▶ **Listed entries**:
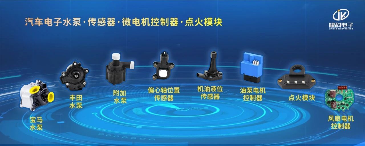健科電子目前有深圳和長(zhǎng)沙兩處生產(chǎn)基地,公司一直專注汽車電子相關(guān)產(chǎn)品的技術(shù)研發(fā)及產(chǎn)業(yè)化,為全球OE及售后市場(chǎng)提供多樣式、定制化的汽車電子產(chǎn)品。 健科電子水泵、傳感器、點(diǎn)火模塊都有多款產(chǎn)品適用于日韓德系車,這次我們展示了豐田水泵WPT190和G902047031,寶馬水泵11517632426,奔馳水泵A2048350364;傳感器12617607910,03C907660H,11377524879, 11377527016;控制器模塊1K0906093K, 253854D900以及點(diǎn)火模塊J121,J152 , 8962135020, 2202060A21等產(chǎn)品。
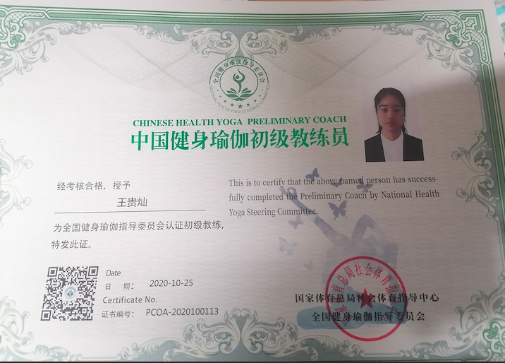 祝贺王贵灿在西安薄珈梵歌五星级场馆荣获国家体育总局健身瑜伽初级教练员
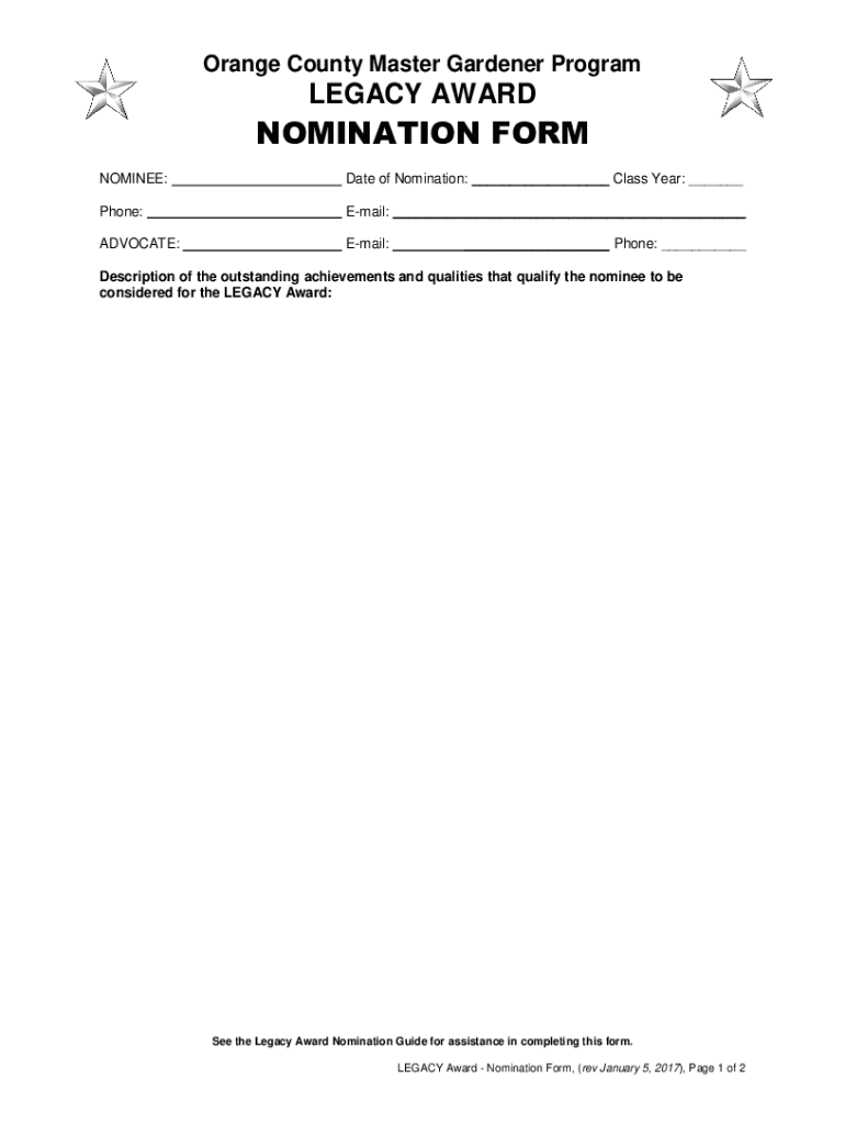 Orange County Master Gardener ProgramLEGACY AWARDNOMINATION FORM NOMINEE:Date of Nomination: ___ Class Year: ___Phone:Email: ___ADVOCATE:Email:___ Phone: ___Description of the outstanding achievements
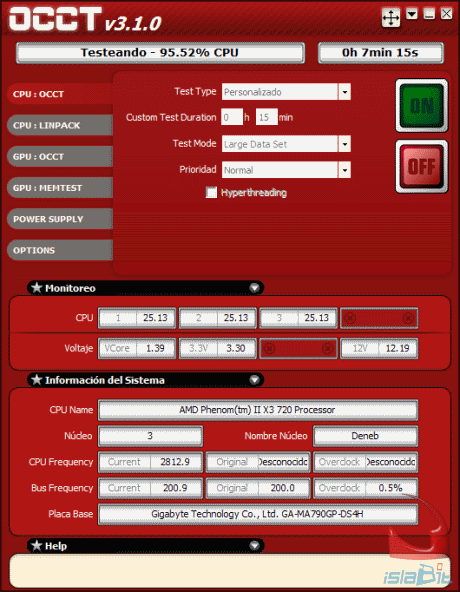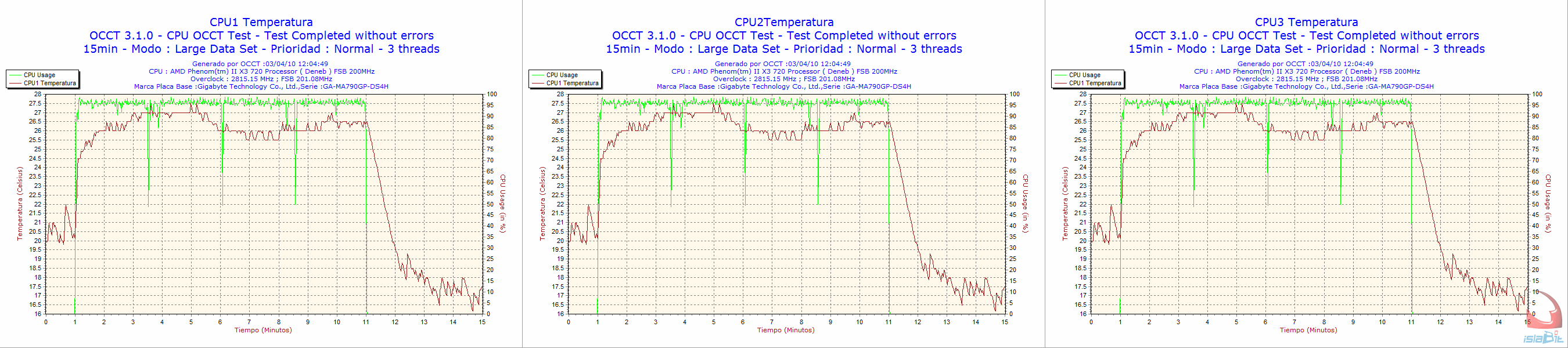 La temperatura ambiente no ha superado los 20ºC. Vamos a ver a qué temperatura aumentan los núcleos con el OCCT a plena carga.
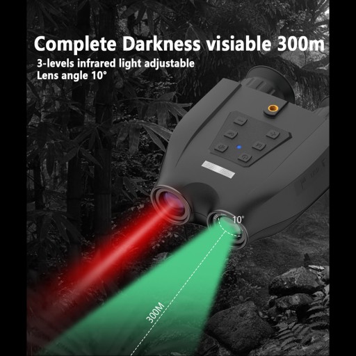 1. Szczegóły lornetki: Lornetka noktowizyjna z 2 wbudowanymi ekranami TFT HD o przekątnej 1,4 cala, rozdzielczością 360 x 360 pikseli TFT, 8-krotnym zoomem cyfrowym i szerokim polem widzenia 10°, umożliwiająca regulację ostrości widzenia w lewo i w prawo podczas użytkowania.
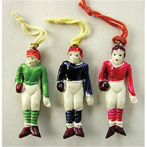 Tiny hard plastic football player charms, often attached to pin-back buttons as a decorative ?dangler?. Made in Japan, 1930s, 2? long.

▶ **Exercise prompt**: Copy nothing but the lines from the start of the entries through the line with "祝贺王贵灿在西安薄珈梵歌五星级场馆荣获国家体育总局健身瑜伽初级教练员". Write them out exactly, without pictures.

▶ **Exercise answer**:
健科電子目前有深圳和長(zhǎng)沙兩處生產(chǎn)基地,公司一直專注汽車電子相關(guān)產(chǎn)品的技術(shù)研發(fā)及產(chǎn)業(yè)化,為全球OE及售后市場(chǎng)提供多樣式、定制化的汽車電子產(chǎn)品。 健科電子水泵、傳感器、點(diǎn)火模塊都有多款產(chǎn)品適用于日韓德系車,這次我們展示了豐田水泵WPT190和G902047031,寶馬水泵11517632426,奔馳水泵A2048350364;傳感器12617607910,03C907660H,11377524879, 11377527016;控制器模塊1K0906093K, 253854D900以及點(diǎn)火模塊J121,J152 , 8962135020, 2202060A21等產(chǎn)品。
 祝贺王贵灿在西安薄珈梵歌五星级场馆荣获国家体育总局健身瑜伽初级教练员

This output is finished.